Elihu has wanted to speak before now but restrained himself because, according to the rules of the society of those days, it was not right for a younger man to speak until the older had finished saying all that he had to say. He therefore waited until they had clearly fallen silent.
It ought to be the case that the older have greater wisdom and experience of life, and can correct the younger but it is not always so. The aged are not always wise and if they lack the faith and wisdom that comes from God, their greater age just leads to greater hardness of heart and more entrenched views. It should be the case that among those who count themselves as the people of God there is sufficient wisdom to give counsel on every issue, and it is to their shame that they must give up and fall silent. Elihu was a man who understood the plan of salvation and the way in which believers should handle trials. Though he had certainly never seen a case like Job’s – for it is evident from the outstanding nature of Job’s character and from the basis of the argument between God and Satan and its outcome, that this was a unique event – he was able to apply the principles of faith to even this unusual situation.

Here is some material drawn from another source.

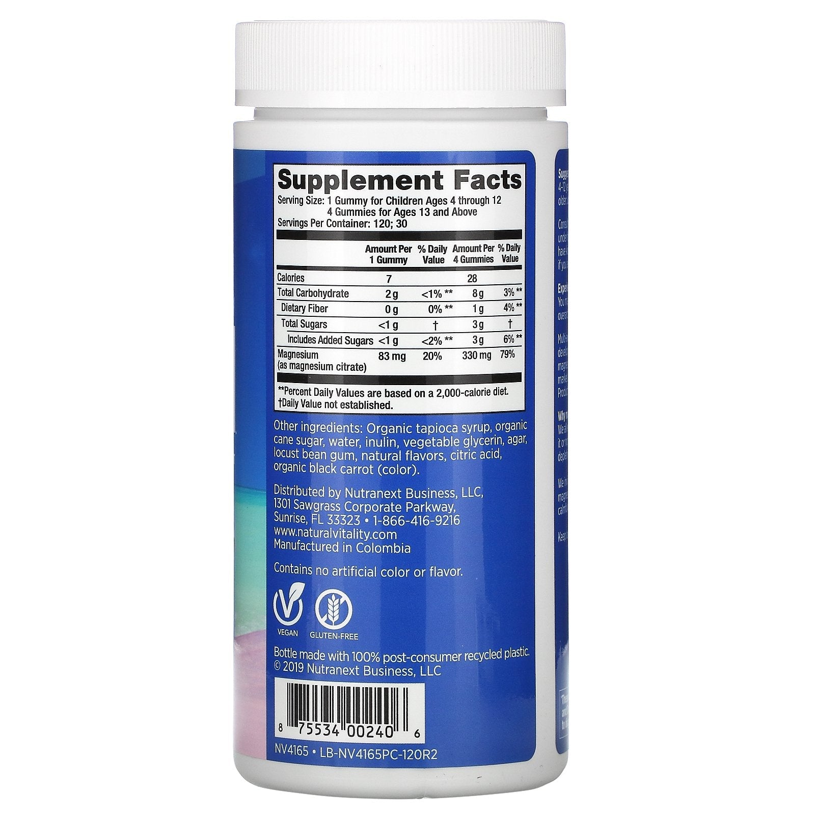 A Magnesium Supplement With Other Natural Flavors Contains No Artificial Color or Flavor Vegan Gluten-Free Experience CALM : You may notice muscles relaxing and an overarching sense of calmfulness. Multi-award-winning Natural Vitality CALM ™ , developed by Peter Gillham, is the best-selling magnesium supplement in the natural products market. (April 2019 Volume sales data for Natural Products market as defined by SPINS). Why magnesium? We encourage stress daily whether we realize it or not, and our bodies can respond by depleting our magnesium levels. We invite you to help replenish your body's magnesium levels and enjoy the wave of calmfulness.Sugg. Use4-12 years: one gummy per day; 13 years and older: up to four gummies daily.Other IngredientsOrganic tapioca syrup, organic cane sugar, water, inulin, vegetable glycerin, agar, locust bean gum, natural flavors, citric acid, organic black carrot (color).Supplement FactsServing Size: 1 Gummy for Children Ages 4 through 12 4 Gummies for...

‘It is necessary for us to bridle our anger, especially in respect of ourselves. However there is an anger which is good, namely, that which comes from the grief we feel when God is offended. Then we are inflamed with a good zeal, and maintain God’s quarrel; if we are angry we are not to blame for it. But let us note that such anger must be without respect of persons. For if a man be angry through a passion of the flesh, such a one has too much respect of himself, and intends to promote himself … Every man must begin with himself, and be angry at his own sins and vices in that we see we have provoked God’s wrath against us, and are full of so much wretchedness. Let us be angry and grieved at that; let that be the point at which we begin, and afterwards let us condemn the evil wherever it is found, as well in ourselves as in our friends, and let us not be led by any private hatred … In this way shall our anger be acceptable, and will show that it proceeds from a true zeal towards God’ (Calvin – in modern English).